A ladder is defined as a device with three or more steps.

L1) Any substitute for a ladder is dangerous. Barrels, boxes or chairs are not designed to take the place of ladders.
L2) Never stand on the top step of a ladder.
L3) NOTHING is to be left on a ladder if no one is on the ladder. If you take it up you bring it down. NO EXCEPTIONS!
L4) All ladders are marked in red above the 8 foot level. Anyone going above this 8-foot level is required to:

  1. The 3-point stance. 3-point stance is having 2 feet firmly planted on the step of the ladder, plus one hand firmly holding the ladder.

    OR
  2. Use the appropriate fall arrest equipment. You must be properly certified to use this equipment.

If it is not possible to carry out your assigned task while complying with the above rule, speak to your supervisor for direction.

[23] With regard to the above guideline, D. E. Wellman stated that his employees could go over 2.4 m above the nearest permanent safe level on a ladder when they were able to use at least one hand to hold onto the ladder. Based on this, he argued that paragraph 12.10(1)(c) of the COHSR did not apply to his employees.

[24] For reference, paragraph 12.10(1)(c) of the COHSR reads:

Fall-Protection Systems

12.10(1) Subject to subsection (1.1), every employer shall provide a fall-protection system to any person, other than an employee who is installing or removing a fall-protection system in accordance with the instructions referred to in subsection (5), who works

(c) from a ladder at a height of more than 2.4 m above the nearest permanent safe level where, because of the nature of the work, that person is unable to use at least one hand to hold onto the ladder.

[25] With regard to the second direction, D. E. Wellman contented that in 2000, SHAR hired a London (Ont.) company to conduct an air quality survey. He noted that the equipment broke down during the survey. Moreover, he was so shocked by the quality of the report that he did not even retain a copy. He nevertheless added that he would reluctantly offer the said company to buy another copy of its report.

[26] However, D. E. Wellman maintained that a copy of the air quality survey report had been sent at the time to Bob Fortner, another HSO from the Labour Program London District Office. He assumed that upon receiving the report, HSO Fortner would have contacted him if problems had been identified.

[27] Finally, since he never received any feedback from B. Fortner on the report, D. E. Wellman believed that the personal respiratory protective equipment provided to the employees was appropriate.

Respondent's Arguments

[28] Tracy Chambers responded on behalf of the workplace health and safety committee.
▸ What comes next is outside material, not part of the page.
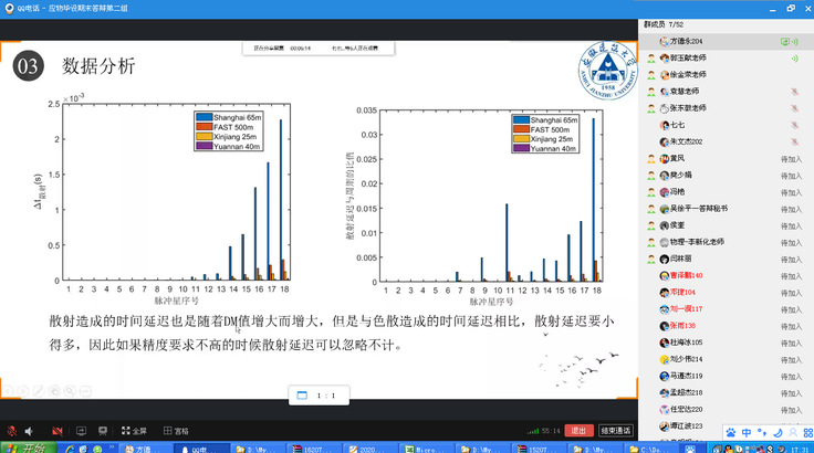 本网讯 数理学院应用物理系和统计系在第16教学周组织完成了2020年应用物理学、声学和统计学等专业毕业设计(论文)第一批次答辩工作。此次毕业设计(论文)答辩采用线上答辩方式进行,共有211名具有毕业设计(论文)答辩资格的拟毕业学生参加了此次答辩。
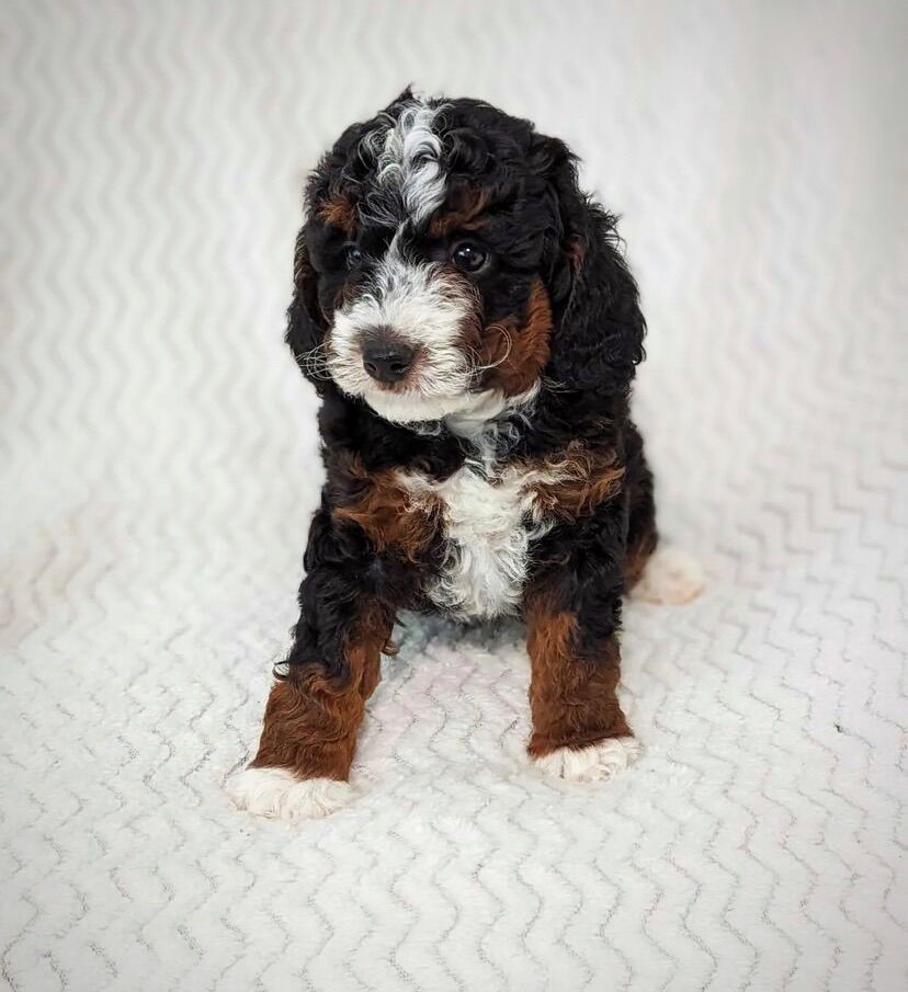 He is fully furnished, double curled, non shedding, will not dilute, does not carry the dominant black gene and is available to doodles of any kind; Bernedoodles, Labradoodles, Aussiedoodles, Goldendoodles, Cavapoos, Cockapoos, Maltipoos, etc... He is considered a unicorn and would literally be a perfect match for any breed!

She stated that she had no rebuttal or arguments to submit with regard to the applicant's written submissions.

***************

Analysis and Decision

[29] The issue to be addressed in this case is whether or not HSO Tunney's directions were justified and appropriate at the time of her inspection.

[30] For deciding these matters, I have to consider the factual evidence submitted and the circumstances of the case, as well as the relevant legislation.

[31] With regard to the first direction, the evidence shows that, at the time of HSO Tunney's inspection, SHAR's employees were not being provided with a fall-protection system when working on an aircraft at a height of more than 2.4 m.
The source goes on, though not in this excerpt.